Tuesday, 13 September 2011

Chasing the Wind

We've concluded our preaching series on Ecclesiastes in our PM services at City North.  It was very interesting and rewarding to examine how the reflections of Solomon about life relate to us in the Gospel Centred Church today.

If you have the time I encourage you to download the whole series (from here) and listen through - though I believe there are still two sermons yet to be uploaded.  It is a very comprehensive look at how we should live as Christians in a world that appears utterly meaningless.

Monday, 12 September 2011

Nathanael's Second Birthday

Nathanael's 2nd BirthdayWe had some great fun with family and friends on Saturday celebrating my nephew's 2nd Birthday.  We had a fireman themed party - and Vanessa (my sister) out did herself with the cake and decorations.

Nathanel had a ripper of a time, with a whole heap of other kids to run around the backyard with.  And plenty of family to come and cuddle up to when things got a bit much.  He loved all his toys and presents... and particularly the little jelly cups Vanessa made (I think he polished off 4 of those bad boys).

Nathanael's 2nd BirthdayIt was a lot of fun.  I'm truly blessed to be involved with such an awesome little life.

Friday, 9 September 2011

Friday, 2 September 2011

Secular Counselling and the Church

** exert from the counselling assignment I recently handed in - I changed my views halfway through and had to go back and rewrite my introduction.**

Within the current community of Academia there is much contribution to the study, research and instruction on models for counselling. However, in the construct of pastoral care counselling plays a specific and important role, which in many cases goes beyond the boundaries of secular counselling texts. If that is the case, is secular counselling research a help or hindrance to the notion of counselling within pastoral care?

In one sense the mainstream study misses the entire point of pastoral care in that it encourages the client to find within themselves the answer and power to overcome their problems. Pastoral care in and of itself is almost always pointing to the fact that we alone cannot overcome our own issues, as Mark Driscoll says “…the root of every problem in the world is sin. The answer is Jesus.”

Though a client may be affected by an issue that is completely not their own doing, or a completely natural cause, the underlying reality of sin and a broken world are the very root of that issue. In many cases there is personal sin involved yet secular counselling methods appear to help the client search for an explanation external to themselves. Pastoral care cannot do this.

Even so, the positive response is that once pastoral care has the correct Biblical foundation of helping people to realise the work of God in their issues and look to him for ultimate healing. Then the practical methods from texts such as Geldard and Geldard provide a succinct, detailed and purposeful guide to develop effective and rewarding counselling relationships which will be helpful to the pastoral carer in achieving closure and healing for their client.
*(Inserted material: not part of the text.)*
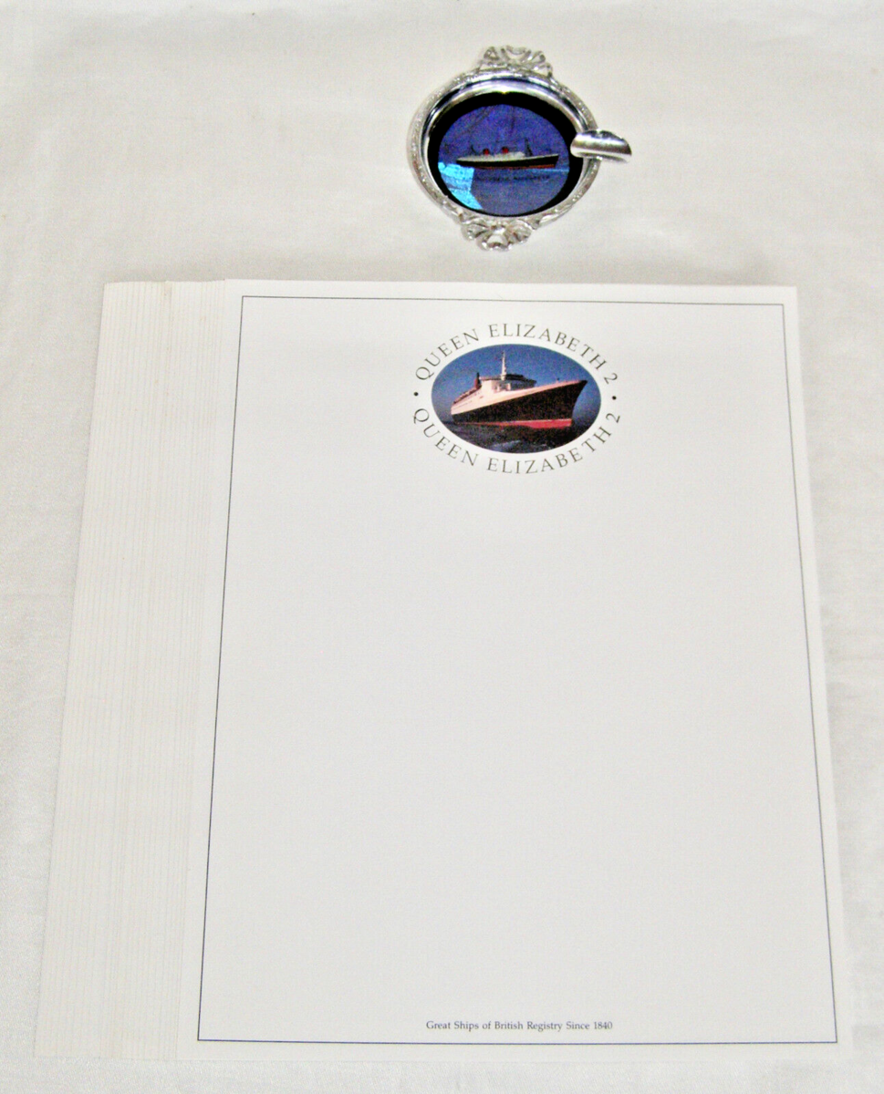 VINTAGE “R.M.S. QUEEN ELIZABETH 2” IRIDESCENT BUTTERFLY WING ASHTRAY+ STATIONARY

Thursday, 1 September 2011

A Common Destiny for All

I preached Sunday night from Ecclesiastes 9:1-12 which speaks about the fact that no matter the life we lead, we are all ultimately going to die.   The passage presents the issue that if death is the end of all things then everything we do in life is utterly meaningless.  The truth of the matter is that this is how the majority of the world lives.

We have Jesus, the power of his resurrection and the covering of his grace to develop a hope for our future beyond death.  Because of that it is only in Jesus that we can find a way to get any meaning out of all the aspects of our life.

I'm not sure how well I communicated that in the whole sermon, but if you want to hear more, have a listen - I'd be glad to hear your thoughts.

Sermon: A Common Destiny for All

Wednesday, 31 August 2011


Fantastic documentary about the world's greatest ever race car driver.  The things that man could make a car do were incredible... a true connection between man and machine.

And Ayrton Senna constantly gave the glory to God for his talents.  I was impressed that the documentary didn't water this down either, but allowed the true convictions of the man to show through as he gave testimony to God's work in his life.  I think this made the story of his early death in that horrific accident even more moving.

The racing footage from the 80's and 90's was excellent.  I didn't realise they had things like helmet cameras and on car cameras at that time.  And the pure emotion they were able to show in the pits, and on the start grid was incredible.   The story led beautifully through his life and the numerous hardships and political issues he had with the FIA.  The governing body really hampered the flow of true, honest racing during that time - I wonder how much it still does today?

Even if you're not a motor racing fan, this is still something you should sit and experience, Senna was truly one of the most passionate and amazing characters of the 20th Century.

Tuesday, 23 August 2011

I believe this... even when it comes to counselling.

"The root of every problem in the world is sin. The answer is Jesus." (Mark Driscoll)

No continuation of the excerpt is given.